The one with all the sass

by bitsandbobsandstuff



Category: Captain America (Movies), The Avengers (Marvel Movies)
Genre: F/M, Mild Language, Mouthy Bucky Barnes, Sassy Bucky Barnes
Language: English
Status: Completed
Published: 2017-09-13
Updated: 2017-09-13
Packaged: 2018-12-27 15:59:27
Rating: General Audiences
Warnings: Creator Chose Not To Use Archive Warnings
Chapters: 1
Words: 1,618
Publisher: archiveofourown.org
Story URL: https://archiveofourown.org/works/12084390
Author URL: https://archiveofourown.org/users/bitsandbobsandstuff/pseuds/bitsandbobsandstuff
Summary: You want to learn how to drive a manual vehicle, and Bucky offers to teach. Things don’t go smoothly.

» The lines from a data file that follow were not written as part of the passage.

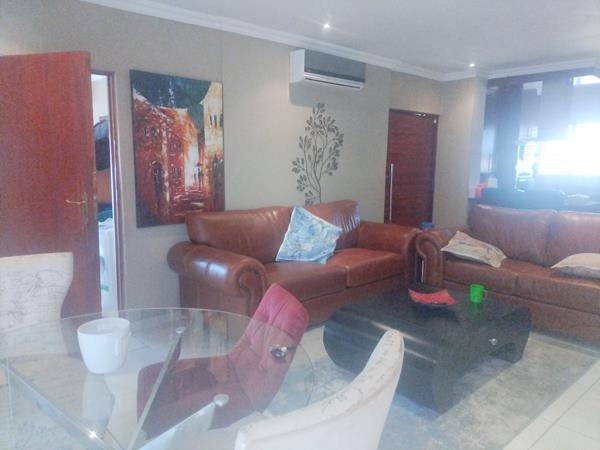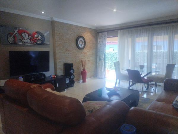 A spacious living room with a dining area. Spacious kitchen , Aircon in the living area, double garage and a Wendy house.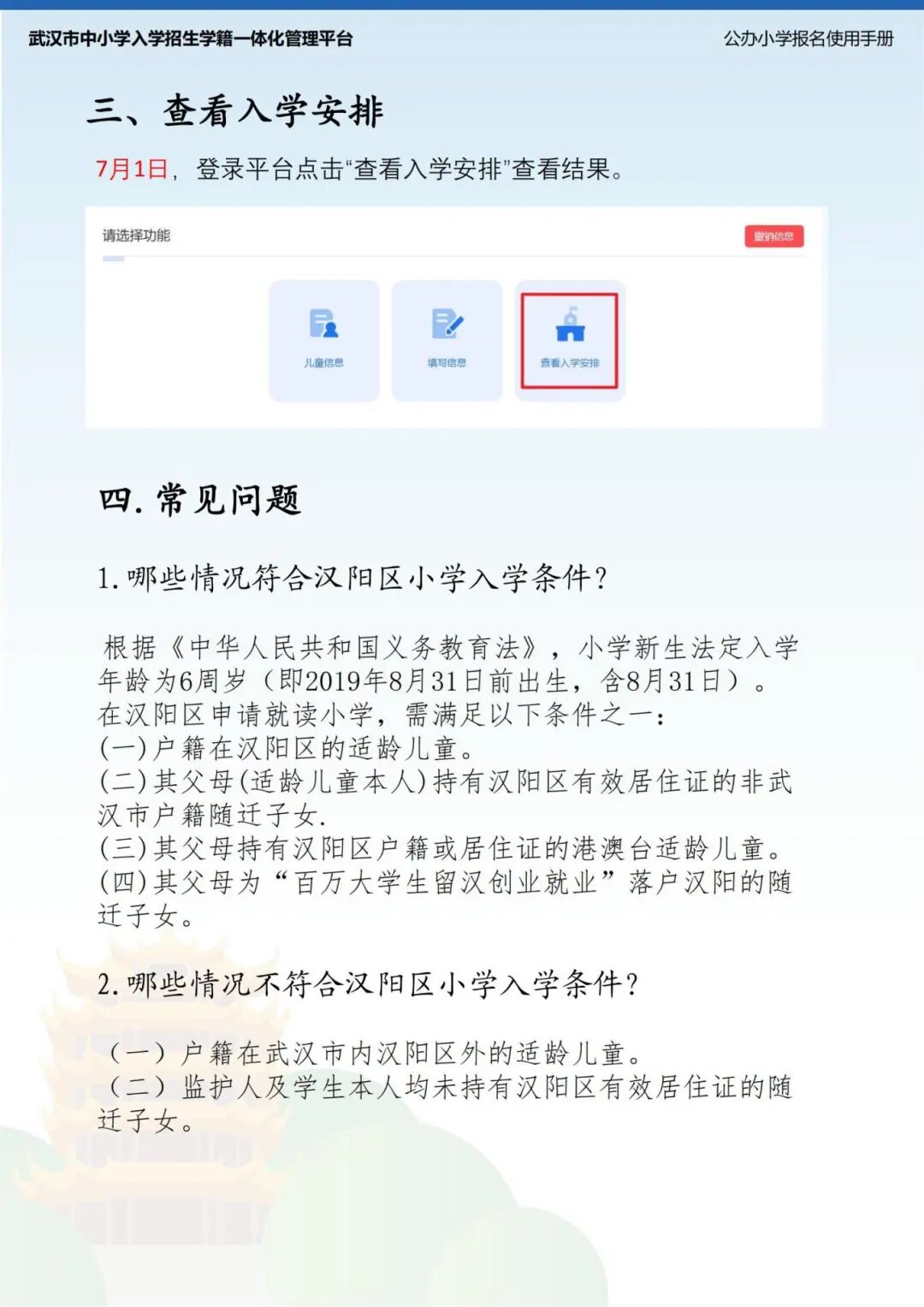 02平台服务对象:符合2025年汉阳区小学入学条件的一年级新生及其法定监护人。小学一年级新生须年满6周岁,即2019年8月31日(含)前出生。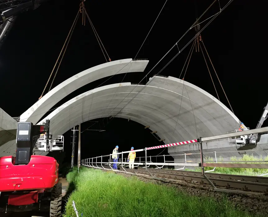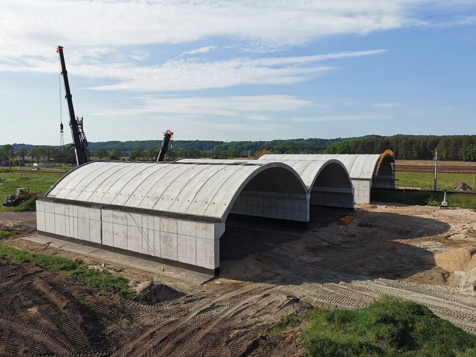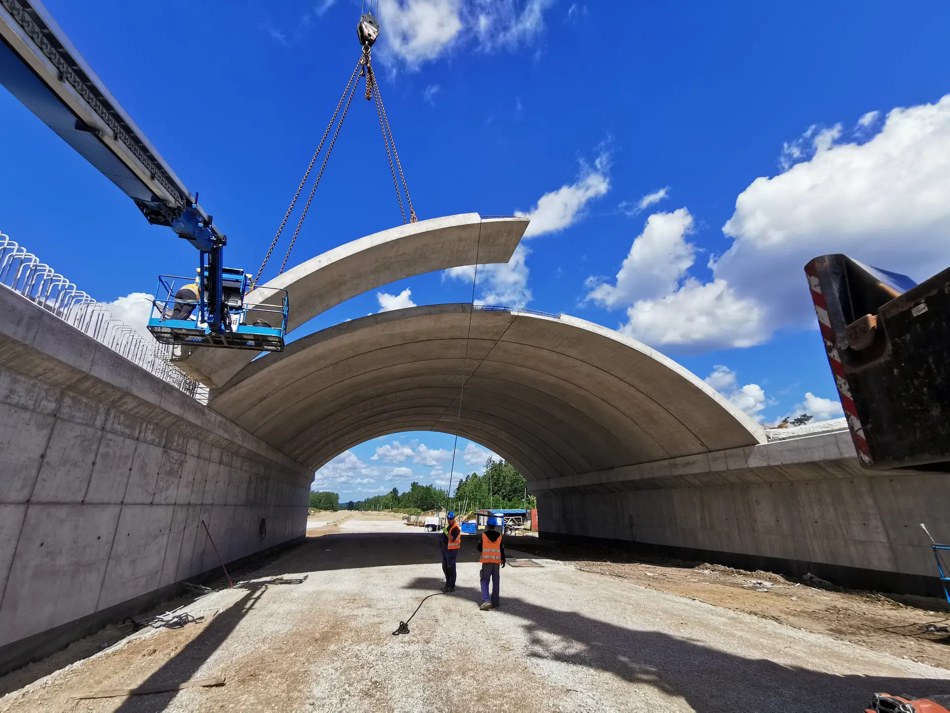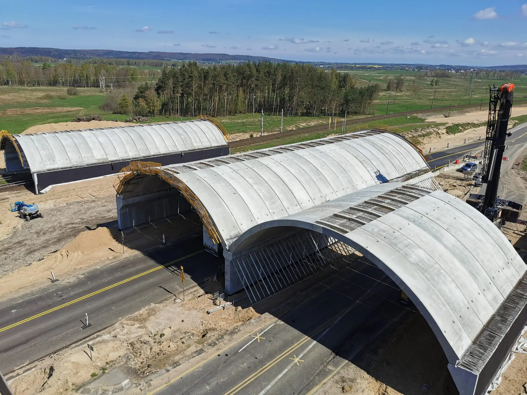 Cztery przejścia dla zwierząt o przekroju łukowym, z czego każde z nich składa się z dwóch konstrukcji: dwuprzęsłowej nad drogą ekspresową oraz jednoprzęsłowej nad linią kolejową. Obiekty wykonano z prefabrykowanych elementów górnych systemu ABM TWIN WING, opartych na podporach monolitycznych.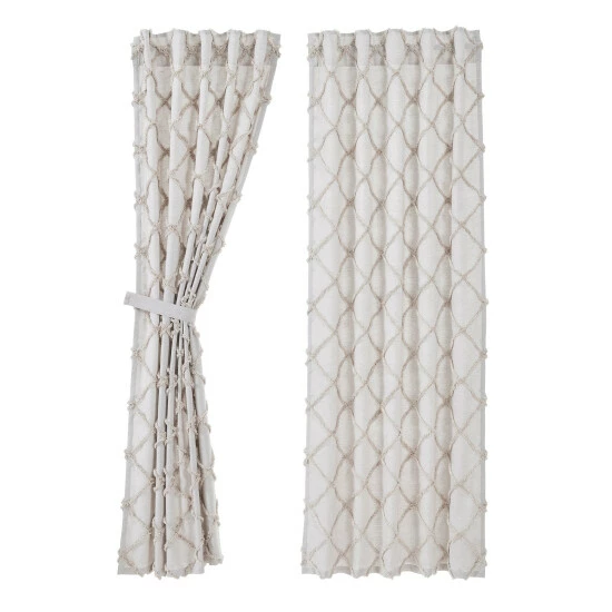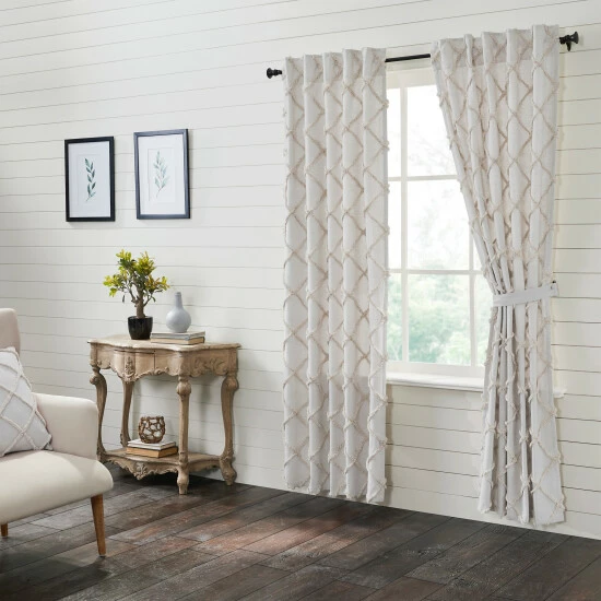 PREMIUM CONSTRUCTION: Our panels are built to last for years to come with durable machine-stitched 100% cotton material. Features include white cotton lining and a 3.25-inch rod pocket for easy hanging, and 2 matching tie-backs.,FARMHOUSE DECOR STYLE: Traditional handcrafted style that compliments any farmhouse or cottage-style home. Our panels feature textured fabric combined with oatmeal tan and soft white hues for a timeless country appeal.,COORDINATING ACCESSORIES: Pair these farmhouse panels with matching throws, shams, pillows, quilts, and valances from the Frayed Lattice collections.,EASY CARE: To give your textured cotton panels as many years of quality comfort as possible, place them in the wash on a gentle cycle, and afterward tumble dry low. If you want to capture the true essence of farmhouse living, let these cottage-style panels hang dry on a line. The 100% cotton fabric is safe to iron for your convenience.,SIZE: Oatmeal tan and soft white hues give these panels a modern farmhouse feeling while keeping a cottage design. The generous size of 84×40 inches is tailored to fit in almost any traditional window of your home.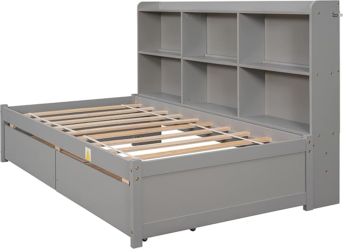 Full Size Platform Bed with Headboard Bookcase, USB Charge, Twin Trundle and 3 Drawers Storage, Wood Captain Bedframe for Bedroom Guest Room, Gray

	The one with all the sass

**Author's Note:**

> This was the second thing I ever wrote involving Bucky Barnes, still makes me smile. It may also be based on real life events...

**_Number 3: Learn how to drive a manual vehicle._ **

It was on your resolutions list, one of those goals that stubbornly remained in the top three, year after year. Every January, you dutifully copied it onto the fresh handwritten note you posted on the mirror in your bedroom, underlining it three times because dammit, _this was it_ , this was the year you would finally succeed.

Six years later, you were once again within sight of the year’s end, having made no progress, except for drawing angry little stick-figures on the offending post-it note (you swore it was mocking you). After overhearing you complain about your inability to tackle this particular task, Bucky had surprisingly volunteered to teach you the basics. Admittedly, you questioned whether this was a good idea. The two of you were well known among…well, everyone…for a disturbing lack of patience with each other. However, if he was willing to lend a hand, who were you to say no.  


* * *

 

So here you are, on a bright, cold November morning, sitting in a faded blue ‘68 Ford pick-up Bucky had nostalgically purchased from an estate sale. A massive, and blessedly empty, parking lot stretches in front of you, leaving plenty of open room for mistakes.

Bucky had driven you out, and after swapping places, he sat in the passenger seat, you in the drivers. Bouncing a little on the dusty cloth seats, the rusted springs squeak indignantly while you get yourself comfortable, before turning expectantly toward him.

“Alright, what do you do first?” he asks, sounding irritatingly similar to the older brother you never actually had, but always felt certain you would throat punch if he existed.

“First, I push in the clutch to start – ” your confident recitation is immediately cut off.

“Wrong. First you put your seatbelt on.” Bucky states flatly, eyebrows raised.

You roll your eyes at him. “Alright yes, first I put my seat belt on.” Pulling the shoulder belt down, the lap belt across, you snap both into place with a sharp click. “Okay, now I push in the clutch –“

“Wrong. Next you check all your mirrors.”

You stare at him. Well this was going to be interesting.

“Seriously? Is this how this lesson is going to work?”

“Yes, because the basics are still important. If you don’t follow the rules, you could die.”

“And we don’t think that’s just the teeniest bit dramatic?”

“No. We don’t.”

You sigh. Bucky Barnes is stubborn as hell, so if this is his teaching style, clearly it will be simpler to humour him. But really, when did you ever make things simple?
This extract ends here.